The invention relates to a method for providing the functionality of an exchange termination unit and a line termination unit in a communication network. The invention further relates to a communication network for exchanging information, which transmits the information on the subscriber side via at least one time-division-oriented subnetwork and on the transport side via at least one packet-oriented subnetwork.

The information includes, for example, numerical data or voice data. The time division multiplex-oriented communication network is, for example, an ISDN data transmission network (Integrated Services Digital Network). In the time-multiplex-oriented communication network, the data are transmitted in different time slots according to a time-division multiplex method. A packet-oriented communication network is a network in which the information or data is transmitted in data packets. The packet-oriented communication network is, for example, a communication network that works according to the Internet protocol. Another example of a packet-oriented communication network is an ATM network (Asynchronous Transfer Mode), in which the data packets are referred to as cells.

Functions for the operation, administration and maintenance in the time-multiplex-oriented communication network have been specified, for example, in the following standards of the ETSI (European Telecommunications Standards Institute) and ITU-T (International Telecommunication Union - Telecommunications Standardization Sector): ETSI ETS 300 233, Integrated Services Digital Network (ISDN); Access Digital Section for ISDN Primary Rate, May 1994, ITU T G.962, Digital Sections and Digital Line Systems; Access Digital Section for ISDN Primary Rate at 2048 kbit / s, 03/93, ETSI ETS 300 011, Integrated Services Digital Network (ISDN); Primary Rate User-Network Interface Layer 1 Specification and Test Principles, April 1992.

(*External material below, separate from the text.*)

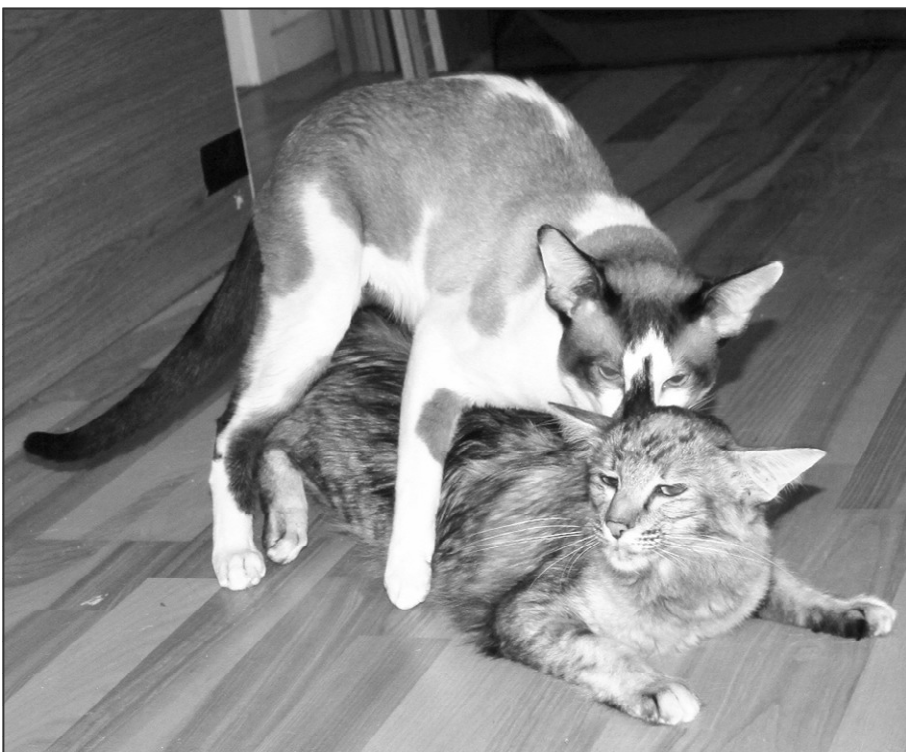
Porthos i gang med at sørge for de næste killinger hos Lancarrow

For example, the functions for operation, administration and maintenance relate to switching test loops or error monitoring. These functionalities can generally be summarized under the term OAM mechanisms. OAM stands for the organization, administration and management of the communication network with a so-called Telecommunications Management Network (TMN), which includes, for example for ISDN, an Operations System (OS) that accesses the Q3 interface according to CCITT recommendation M.30 ,

In the time-multiplex-oriented network, these functions are used for the ISDN primary rate access digital section (DS), i.e. for the digital message transmission link between a reference point T and a primary rate connection V3 (T) designed as a reference point. Between the subscriber terminal and the subscriber-side network termination unit ( NT: Network Termination Unit) and V3 lies between the physical line termination (LT: Line Termination unit) and the logical switching termination (ET: Exchange Termination unit), through the Exchange Termination Unit in an interplay of participants Network termination unit and transport-side line termination unit monitored (see also CCITT recommendation Q.542 and "Peter Bocker: ISDN - The integrated service digital communications network, 3rd edition, 1990, Springer-Verlag, Heidelberg, page 149 to 151 ^w with references to CCITT-E recommendations Q.511 and Q.512).

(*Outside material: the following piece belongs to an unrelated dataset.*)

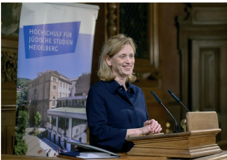
Bundesministerin Karin Prien.

Um dieses Schutzversprechen einzulösen, galt Bildung als ein zentraler Schlüssel. Und Bildung hat, so empfinde ich es, dieses Versprechen auch in Teilen eingelöst. Doch der 7. Oktober 2023 und seine Folgen haben diese Gewissheit erschüttert. Ebenso das Vertrauen in den Erfolg von Bildungsarbeit gegen Antisemitismus. Die Welle der Gewalt gegen Jüdinnen und Juden weltweit, die Rechtfertigungen von antisemitischen Übergriffen, die Relativierungen und vor allem die Sprachlosigkeit: Sie haben mehr als deutlich gemacht, wie schnell demokratische Grundwerte ins Wanken geraten: Werte wie die unantastbare Würde des Menschen, wie das klare Ächten von Hass und Willkür gegen Gruppen.

The interaction of time-multiplex-oriented communication networks and packet-oriented communication networks creates new problems, however, because such OAM tasks (organization, administration and management) have to be distributed between the two types of communication networks depending on the arrangement of the interface.

For a case in which the digital ISDN connection section DS is replaced by an ATM network and the advantages of the AAL2 (ATM Forum) are used, a simple method for transmitting information within at least one is known from the European patent application EP 1 374 629 AI time-multiplex-oriented communication network via at least one packet-oriented communication network, wherein functions for the operation, administration or maintenance of the time-multiplex-oriented communication network in the time-multiplexing-oriented communication network can still be used by emulating these functions in the packet-oriented network. With this method, at least part of the information is transmitted via the packet-oriented communication network. At least some of the functions for operation, administration and maintenance are emulated by the packet-oriented communication network, i.e. simulated. In this way, the functions defined for the time-multiplex-oriented communication network can continue to be used essentially without restrictions.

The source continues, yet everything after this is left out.